### Exercise instructions
Retype, word for word, every line from the one holding "DARPP-32 is a dopamine" through the one holding "上品な光沢感のあるナイロンに" in the entries below, both included, and only those lines.

==== Supplied information ====

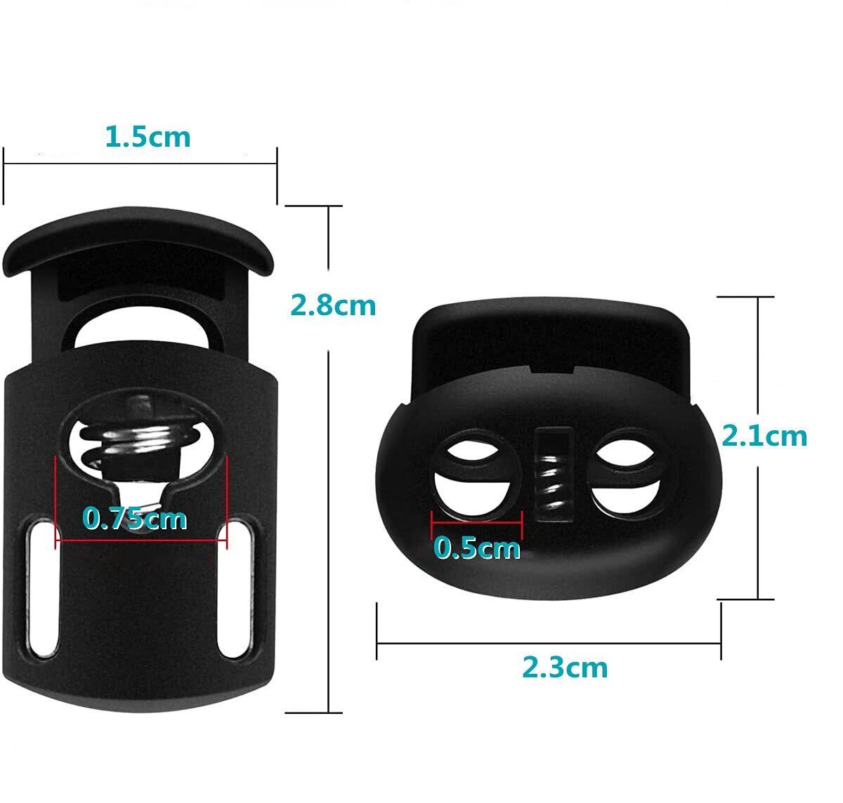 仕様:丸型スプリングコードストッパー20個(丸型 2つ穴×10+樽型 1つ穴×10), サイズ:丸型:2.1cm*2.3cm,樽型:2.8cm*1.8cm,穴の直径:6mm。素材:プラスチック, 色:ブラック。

====
==== Supplied information ====

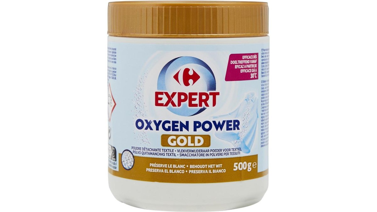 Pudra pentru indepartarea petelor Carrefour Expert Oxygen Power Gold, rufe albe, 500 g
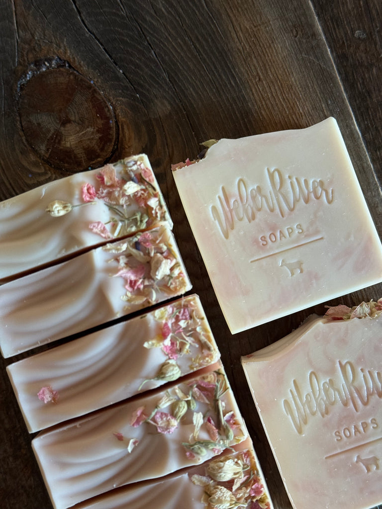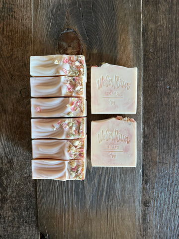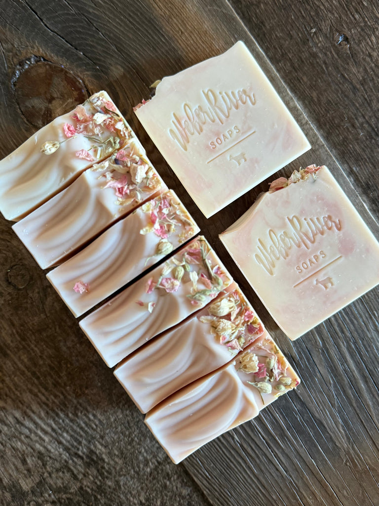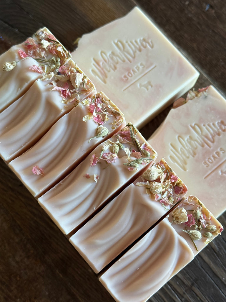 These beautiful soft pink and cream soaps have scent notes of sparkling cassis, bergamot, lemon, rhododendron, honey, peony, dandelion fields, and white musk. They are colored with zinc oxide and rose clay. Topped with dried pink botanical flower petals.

====
==== Supplied information ====

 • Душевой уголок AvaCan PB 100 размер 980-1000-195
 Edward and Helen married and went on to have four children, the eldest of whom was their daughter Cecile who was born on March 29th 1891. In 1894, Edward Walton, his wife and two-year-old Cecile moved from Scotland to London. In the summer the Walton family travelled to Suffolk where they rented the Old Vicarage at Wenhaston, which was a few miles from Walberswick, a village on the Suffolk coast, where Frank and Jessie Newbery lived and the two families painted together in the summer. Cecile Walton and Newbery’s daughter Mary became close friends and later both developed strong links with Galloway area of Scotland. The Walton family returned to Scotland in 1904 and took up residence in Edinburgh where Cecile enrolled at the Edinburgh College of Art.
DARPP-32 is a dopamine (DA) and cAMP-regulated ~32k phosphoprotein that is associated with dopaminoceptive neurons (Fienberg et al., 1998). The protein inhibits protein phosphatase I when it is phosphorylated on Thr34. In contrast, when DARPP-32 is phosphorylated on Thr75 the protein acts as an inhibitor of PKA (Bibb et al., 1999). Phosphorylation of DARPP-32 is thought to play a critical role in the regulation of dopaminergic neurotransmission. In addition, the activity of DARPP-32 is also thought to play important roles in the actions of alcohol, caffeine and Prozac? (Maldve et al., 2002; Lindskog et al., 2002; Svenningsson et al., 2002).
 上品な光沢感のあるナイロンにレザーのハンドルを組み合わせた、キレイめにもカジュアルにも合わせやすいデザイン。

====

### Task response
DARPP-32 is a dopamine (DA) and cAMP-regulated ~32k phosphoprotein that is associated with dopaminoceptive neurons (Fienberg et al., 1998). The protein inhibits protein phosphatase I when it is phosphorylated on Thr34. In contrast, when DARPP-32 is phosphorylated on Thr75 the protein acts as an inhibitor of PKA (Bibb et al., 1999). Phosphorylation of DARPP-32 is thought to play a critical role in the regulation of dopaminergic neurotransmission. In addition, the activity of DARPP-32 is also thought to play important roles in the actions of alcohol, caffeine and Prozac? (Maldve et al., 2002; Lindskog et al., 2002; Svenningsson et al., 2002).
 上品な光沢感のあるナイロンにレザーのハンドルを組み合わせた、キレイめにもカジュアルにも合わせやすいデザイン。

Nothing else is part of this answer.